Monday, March 2, 2015

Transfigurative harmonics

Bless your faithful, we pray, O Lord,
with a blessing that endures for ever,
and keep them faithful
to the Gospel of your Only Begotten Son,
so that they may always desire and at last attain
that glory whose beauty he showed in his own Body,
to the amazement of his Apostles.
Through.

Benedic, Domine, fideles tuos benedictione perpetua,
et fac eos Unigeniti tui Evangelio sic adhaerere,
ut ad illam gloriam, cuius in se speciem Apostolis ostendit,
et suspirare iugiter et feliciter valeant pervenire.
Per.

Bless, O Lord, your faithful with a perpetual benediction,
and cause them so to adhere to the Gospel of your Only Begotten,
that to that glory, the beauty [(species, appearance)] of which,
          [inherent] in himself, he to the apostles revealed,
they may have the strength both continually to sigh after
          and happily to attain.
Through.

     Prayer over the people, Second Sunday of Lent, Missale Romanum.
     I have translated species with "beauty" rather than "appearance" because it occurs in Is 53:2:  "there is no beauty in him [(non est species ei)], nor comeliness [(decor)]: and we have seen him, and there was no sightliness [(aspectus)], that we should be desirous of him" (Douay-Rheims 1899).  Among the Gospels, it occurs at this point only in Luke:  "the shape of his countenance [(species vultus eius, the appearance of his visage)] was altered" (Lk 9:29, Douay-Rheims 1899; RSV:  "his appearance was altered").  Though Matthew and Mark make Jesus allude to the cross on the way down from the mountain, Luke is the only Gospel in which Moses and Elijah (or the Law and the Prophets) speak "of his departure, which he was to accomplish at Jerusalem" (Lk 9:31 RSV).  It thus seems appropriate that it is only the Vulgate of Luke that makes this connection with the Vulgate of Isaiah, implying that the beauty that Isaiah denies Jesus on Mount Golgotha (but cf.

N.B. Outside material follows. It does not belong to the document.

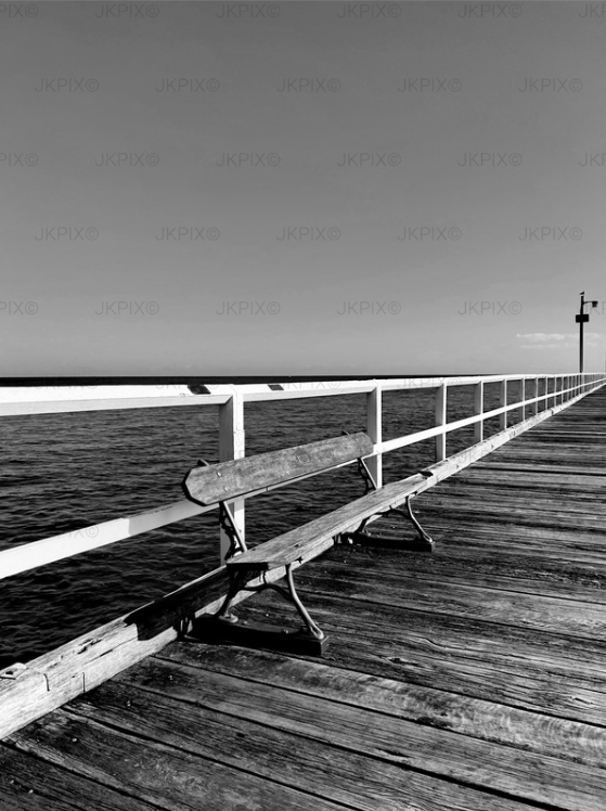 A weathered wooden pier stretches toward the horizon, its planks etched with years of sun and salt. A long, rustic bench sits quietly along the railing, facing the open water as if waiting for someone to pause and breathe. The monochrome tones highlight the textures—the grain of the timber, the calm ripples of the sea, and the vast, open sky above. Still, peaceful, and beautifully simple, the scene captures a moment of solitude by the water’s edge.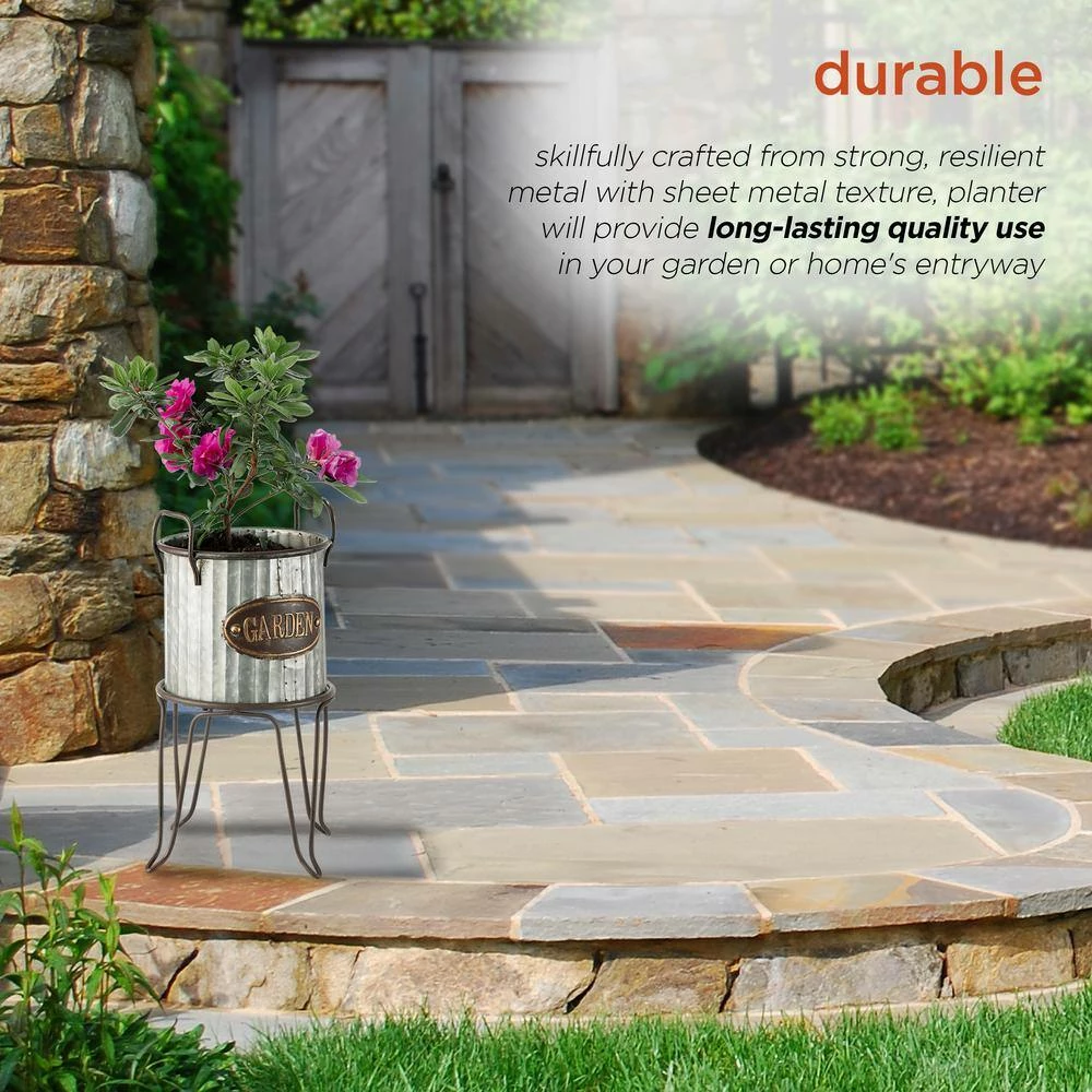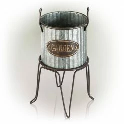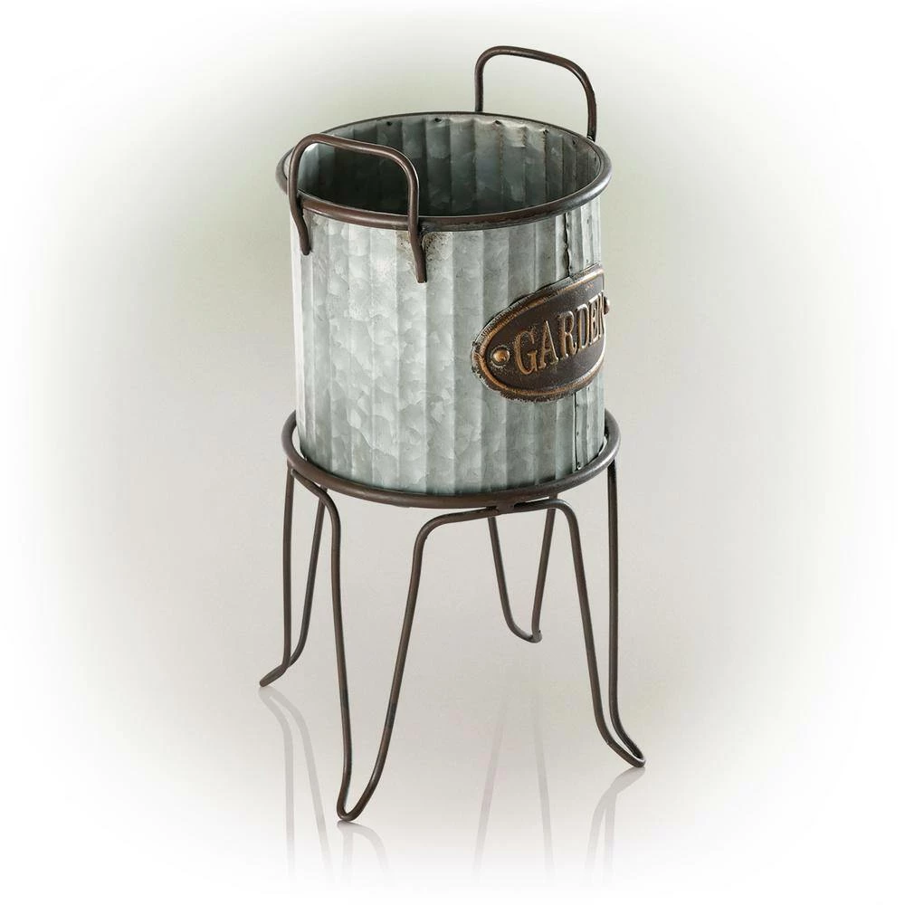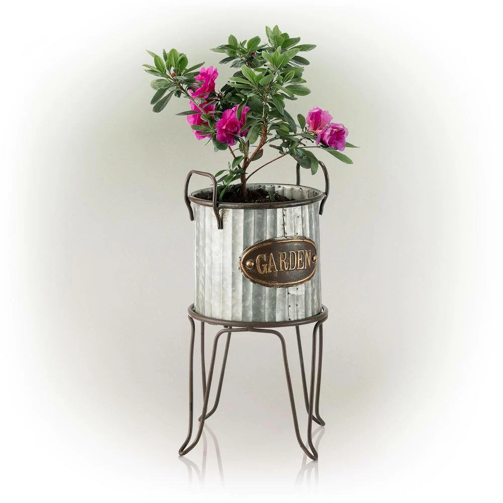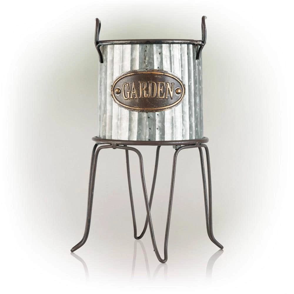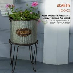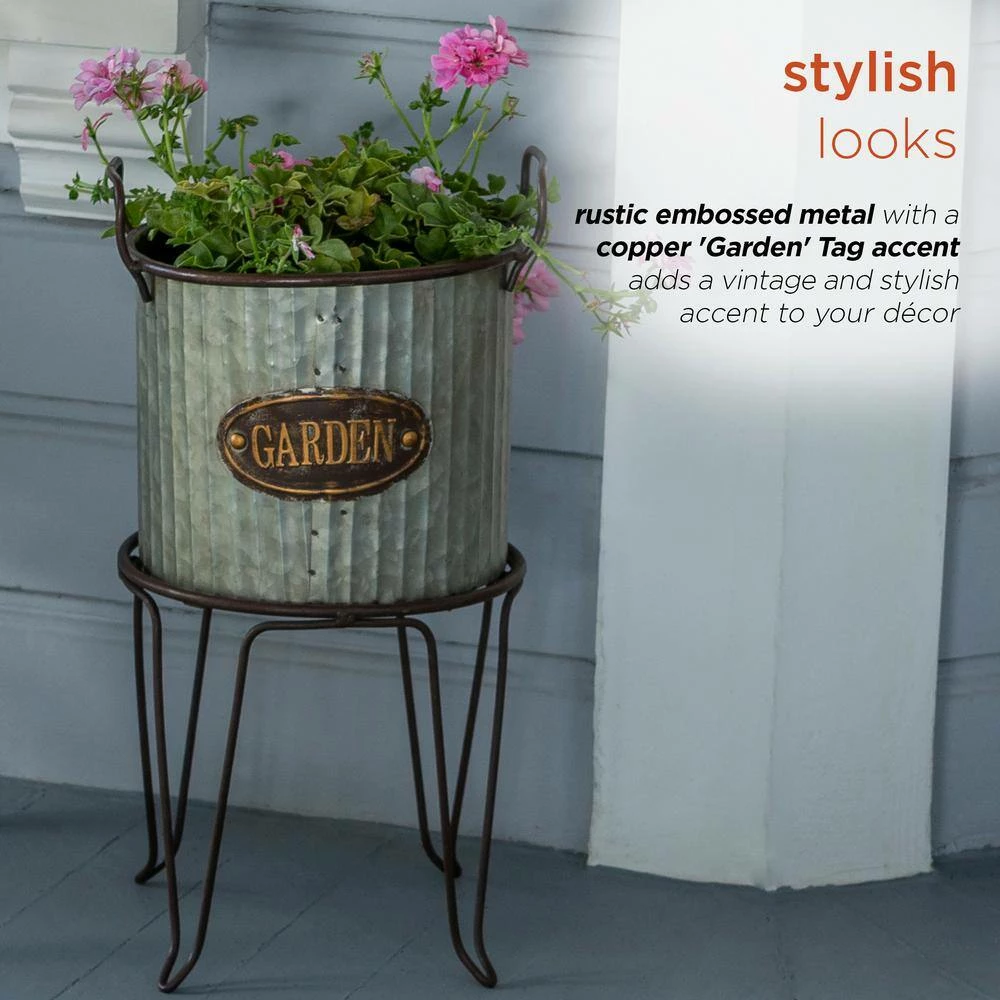 Bring beauty to your space with the Alpine Corporation Metal Tin Flower Planter with Stand. This durable, embossed metal planter with copper “Garden” tag accent will complement just about any Decor. Add some of your favorite small plants to brighten up even the smallest of spaces. The rustic-themed design is an attractive accent to your plants and adds a sense of comfort to your garden. Simply line your walkways with these beautiful planters for your green thumb to be admired by passers-by. The stand keeps the planter off the ground and within easy reach to save your knees and backs from having to bend over or kneel. Use multiple planters together to create a small garden oasis, or separate them to bring sweet style to any space. The flower planter includes a 1-year limited manufacturer’s warranty for quality you can rely on. The Alpine Corporation Metal Tin Flower Planter with Stand measures 12 in. L x 11 in. W x 20 in. H, perfect for your yard.

Jn 12:28) he exhibits [(ostendit)] on the Mount of Transfiguration.
     I should note just quicklywithout, however, following this up in the scholarshipthat the Greek of Lk 9:29 (τὸ εἶδος τοῦ προσώπου αὐτοῦ ἕτερον) echoes the Greek of Is 53:2 (οὐκ ἔστιν εἶδος αὐτῷ οὐδὲ δόξα· καὶ εἴδομεν αὐτόν, καὶ οὐκ εἶχεν εἶδος οὐδὲ κάλλος) as well.
     I would also point out that "the Gospel of your Only Begotten [Son]" would of course be the voice from the cloud:  "This is my beloved Son/My Son, my Chosen."  (Yet in the prayer, the audite becomes an adhaerere.)
     According to Corpus orationum 14, pp. 161-162 ("60. Dominica II in Quadragesima"), this prayer was composed (for the new Missal) of Corpus orationum "I 875 + M[issale ]P[arisiense] 3141".
  • Gregory the Great (669-731), Moralia in Job 29.25 (Noailles).  If this is a reference to the Gregorian treatment of Job 29:25, then that would be Moralia in Job, lib. 20, sec. 11 (in cap. 4), CCSL 143A, pp. 1009-1014, or PL 76, cols. 141, ff.  If, on the other hand, it is a reference to lib. 29, sec. 25 (in cap. 13), then that would be CCSL 143B, pp. _____, or PL 76, cols. 490, ff.  If, finally, it is a reference to lib. 29, cap. 25 (sec. 50), then that would be CCSL 143B, pp. _____, or PL 76, cols. 504, ff.  (Needless to say, I have not yet located the passage to which Corpus orationum refers.)
  • Corpus orationum 1, no. 875 =Bruylants no. 154 (8th century Gelasian):  "Custodi, domine, quaesumus, ecclesiam tuam propitiatione perpetua et, quia sine te labitur humana mortalitas, tuis semper auxiliis et abstrahatur a noxiis et ad salutaria dirigatur" (I must confess that I don't see much of a parallel here).
  • Missale Parisiense no. 3141 (1738), which derives from Gregory the Great (669-731), Moralia in Job 29.25 (Noailles):  "Celebrantes hoc sacrificio Unigeniti tui transfigurati mysterium; da nos, Deus, ipsius Evangelio sic adhaerere, ut ad illam gloriam, cuius in se speciem Apostolis ostendit, et suspirare iugiter, et feliciter pervenire valeamus.